A disinfection campaign has been conducted in the neighborhood where the two women live as well as Zhonghe's Huaxin Street, the main settlement for new immigrants from Myanmar, including spraying chemical insecticide and cleaning possible breeding sites for mosquitoes.

In addition, eight hiking trails in the neighborhood have also been blocked off since Aug. 30 to prevent infection.

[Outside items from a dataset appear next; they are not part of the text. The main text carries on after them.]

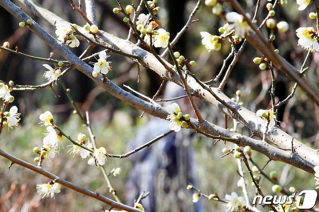 (제주=뉴스1) 오현지 기자 = 제주지역 낮 최고기온이 16도를 넘어선 7일 오후 제주시 한라수목원에 매화가 펴 시선을 사로잡고 있다. 2023.2.7/뉴스1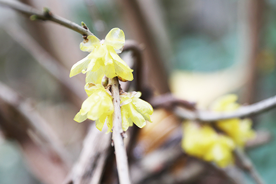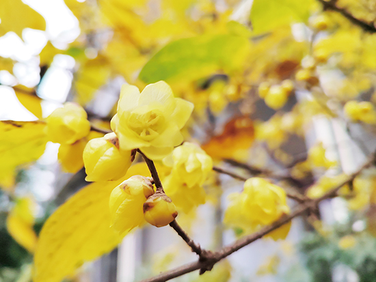 在山谷公園里,一株株臘梅已迎風盛開,幾近透明的黃色杯狀花瓣密密麻麻地生長在沒有葉子的枝椏上,星星點點,蠟一般晶瑩剔透,俏皮而可愛。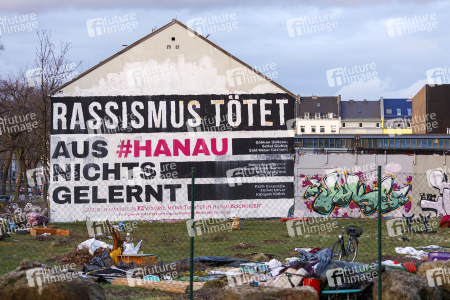 Das Autonome Zentrum Köln an der Luxemburger Straße. Das Gelände, das oft vermüllt wirkt und früher zum ehemaligen Kanalbauamt gehörte, soll im Rahmen der Planungen für die Parkstadt-Süd in einen Park verwandelt werden. Verhandlungen über einen Alternativ-Standort waren bisher gescheitert. Ein Graffiti an der Außenseite soll an das Attentat von Hanau erinnern. Köln, 13.03.2021

People who enter the controlled areas could face a fine of NT$60,000-NT$300,000 (US$1,916-US$9,581), according to Lo.

Aside from the three indigenous chikungunya cases, there have been 54 confirmed imported cases in Taiwan so far this year, most of which originated in Southeast Asia, the highest level for the same period of the year since the mosquito-borne disease was designated a notifiable disease in 2007.

Thirty-six of the imported case came from Myanmar, eight from Thailand, five from the Maldives, two from Indonesia and one each from the Philippines, Malaysia and India, according to CDC statistics.

The CDC has issued a level 1 travel warning for chikungunya for people traveling to Thailand, India, the Maldives and Myanmar.

Like dengue fever, chikungunya fever is also spread by the Aedes mosquito and has an incubation period of two to 12 days.

The Aedes aegypti is more likely to spread dengue fever, while the Aedes albopictus usually carries the chikungunya virus. However, both types of mosquito can spread both diseases.

Also like dengue fever, the symptoms of chikungunya include the abrupt onset of fever, headaches, joint and muscle pains, nausea, and fatigue.

Although dengue fever has been more common and dangerous than chikungunya in the last few years, the joint pain associated with the latter can last for years.